Moped was a New Zealand band formed in Palmerston North by three brothers, Gareth (guitar & backing vocals), Hayden (bass and lead vocals) and Karl Shearman (drums). They played a brand of groove saturated reggae rock, with lyrics which speak of a clear Christian commitment.

Albums
Moped released two albums and one EP during their career. Their first album, Noise From the Knee Drill, was released in 2002 and their second album, Welcome to the Exodus, was released in 2005. In 2006, the band saw the release of their farewell EP and DVD titled One More March.
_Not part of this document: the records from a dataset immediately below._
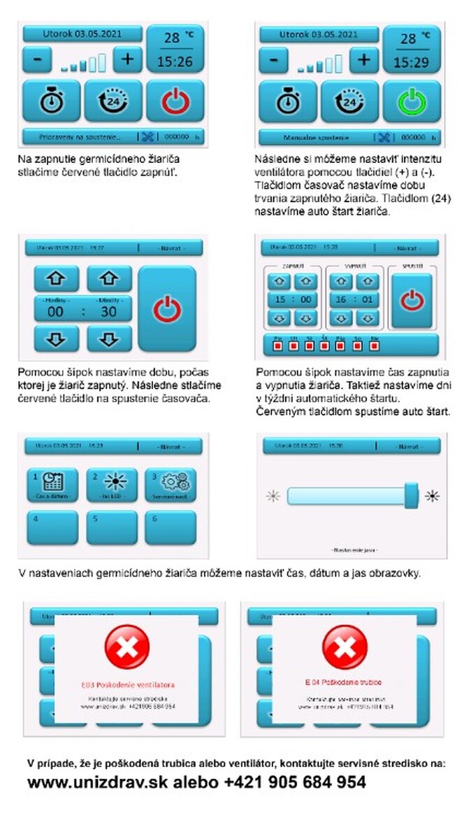 Germicídny žiarič UNIZDRAV s displejom uzavretý mobilný – biele vyhotovenie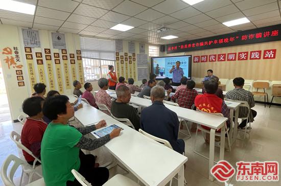 为老人们开展防诈骗讲座(后亭村新时代文明实践站供图) 打造“为老服务”新场景 后亭村新时代文明实践站还与后亭村幸福院融合,以实践站为基地开展老年人医疗知识宣传、名医下乡义诊等活动十余次,并时常组织志愿者上门为年迈老人打扫卫生、送饭,陪老人聊天,送去关爱与温暖。 今年年初,实践站为全村免费提供紧缺的布洛芬、连花清瘟等药物,用心守护每一位村民的健康。同时,后亭村文明实践站还成立“急需药物采购抢购代购团队”,为缺乏上网经验的年长者提供便利服务,将志愿精神的文明持续扎根落地。 另外,后亭村两委在走访慰问老年人时发现不少村民市民卡(医保卡、社保卡)无法使用后,及时联系党建共建单位泉州银行厦门分行入驻文明实践站开展服务,两天内解决了近50个村民的迫切需求。 而每到传统节日时,实践站便成了包饺子、汤圆、粽子等各类特色美食的场地。这里也是老年人游乐的空间,实践站时常组织老年人参与各类游戏,唱红歌等活动,丰富老年人的晚年生活。 值得一提的是,实践站还成为后亭村老年人协会崭新的议事厅,他们让交流从传统的宗祠搬到了文明实践站,不断为村庄的大小事情谋划,推进村庄建设发展。 |
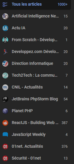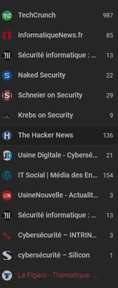 Voici des exemples de flux auquels je suis abonné. Ces différents flux me donnent plus de 100 articles par jour parmi lesquels j'en choisis 1 ou 2 sur des sujets qui m'interessent.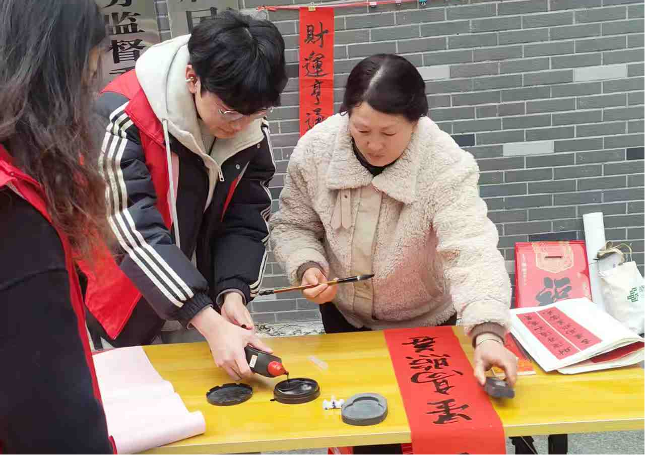 学子们助力民俗文化传承,积极报名家乡社区写对联志愿服务活动,在笔墨书香中为社区居民送上新春祝福,并与居民亲切交流,听他们讲述新年心愿,现场氛围热闹温馨,年味十足。
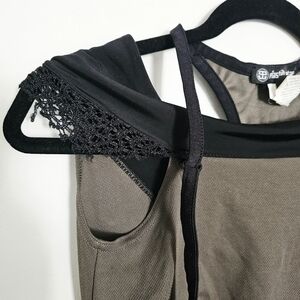 Plastik Wrap Goth Military Olive Green Minidress W/ Black Lace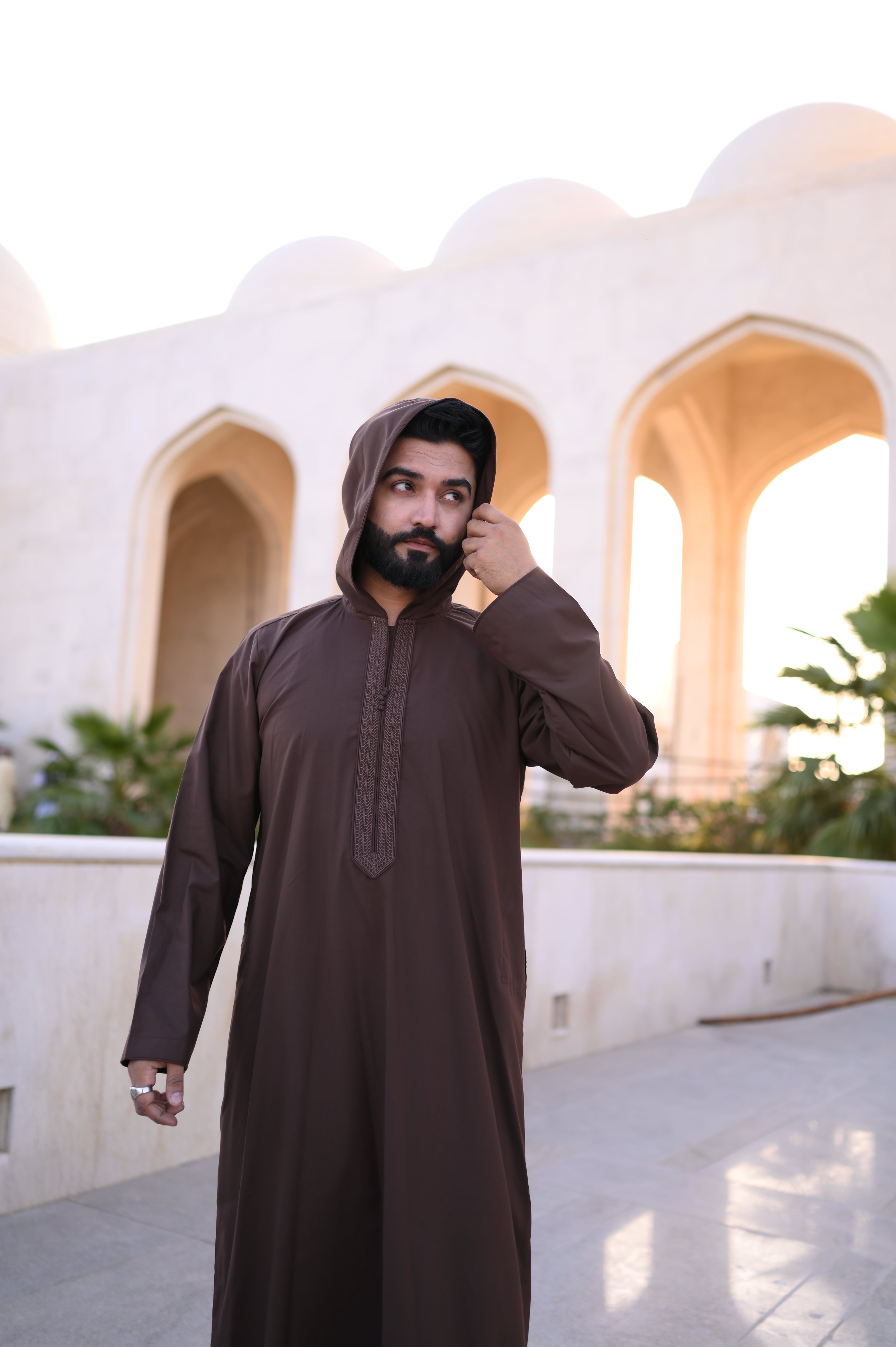 The rich brown shade gives earthy, calm, confident vibes perfect for those who keep it lowkey but impactful. Crafted from premium fabric, this brown hooded thobe for men delivers comfort, flow, and everyday versatility.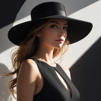 black hat that adds a fashionable element to her outfit. Her gaze is directed off to the side, and she has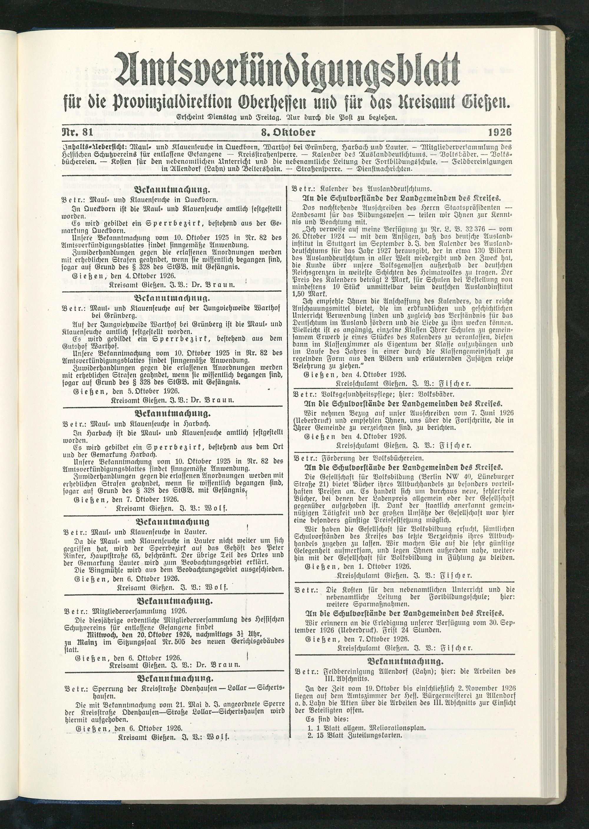 Amtsverkündigungsblatt für die Provinzialdirektion Oberhessen und der Kreisämter Gießen, Friedberg, Büdingen, Lauterbach, Schotten und Alsfeld. 1919-1937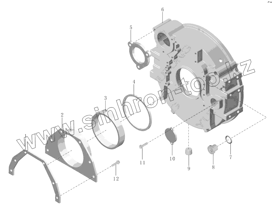 Каталог запасных частей к технике: Yutong Автобус ZK6118HGA (газ). 9601-01450 Корпус маховика и прокладка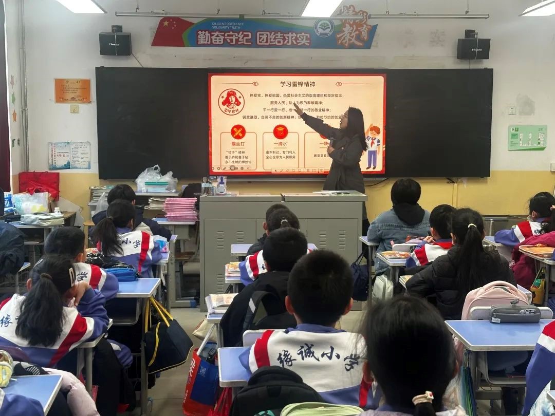成竹雅老师把雷锋精神和当下最火的哪吒精神联系起来,让学生们深刻理解一个人只有当他把自己和集体融合一起的时候才能有力量,在学习奋斗中只要信念坚定,就没有什么能够阻挡我们前进的步伐,同时鼓励学生做永不生锈的螺丝钉,编永不褪色的混天绫,在实践中书写新时代少年传奇。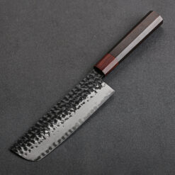 The 7″ premier nakiri knife features layered steel (3-ply high carbon steel with 440C cutting core) with a hand-hammered finish known as tsuchime in Japanese. The hand-hammered finish prevents food from sticking onto the blade and eliminates drag when cutting, making this the best Japanese nakiri knife.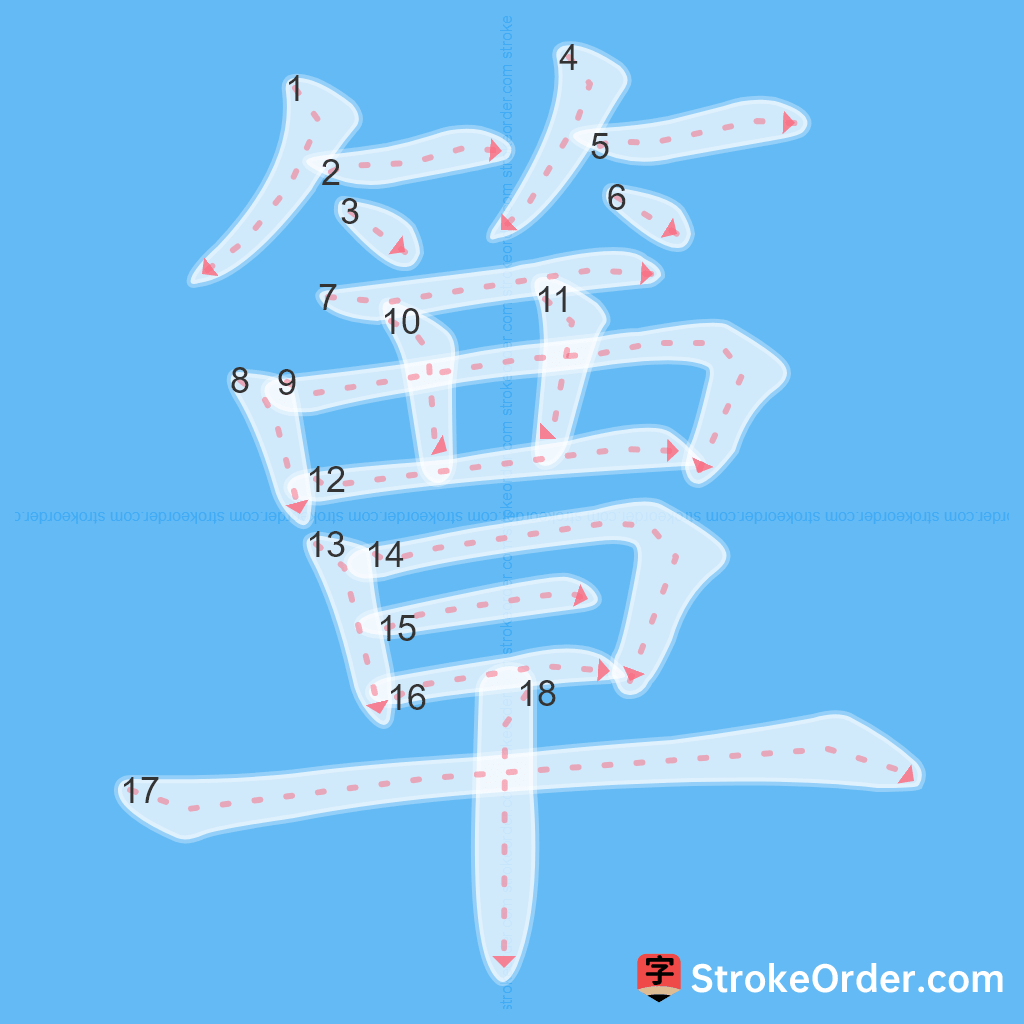 Watch the video of writing the Chinese character "簟", learn the correct stroke order (笔顺) of the character "簟", and master the standard way of writing the character "簟".

Noise From the Knee Drill was a more rock based album, and though it was a far less polished album (than later albums) it contained songs such as "Guilt Trip" and "This Means War". Welcome to the Exodus featured more reggae based songs (but not without the rock influence) such as "Roots Down", "Will You Come" and "Sunset, Sunrise." It concludes with an acoustic song, "Stick to your Guns."

Major concerts
They were regular performers at the Parachute Music Festival, as well as performing at Capital Teen Convention (CTC), Youth Of The Nation Conference and SamStock.

Breakup and final tour
In early 2006, Moped announced that they would be breaking up at the end of the year. The major reason for this was that they wanted to move on to do other things. In September, they embarked on a two-month tour of New Zealand to say goodbye to fans up and down the country and released the One more march EP/DVD. The tour concluded on 1 December in Wellington.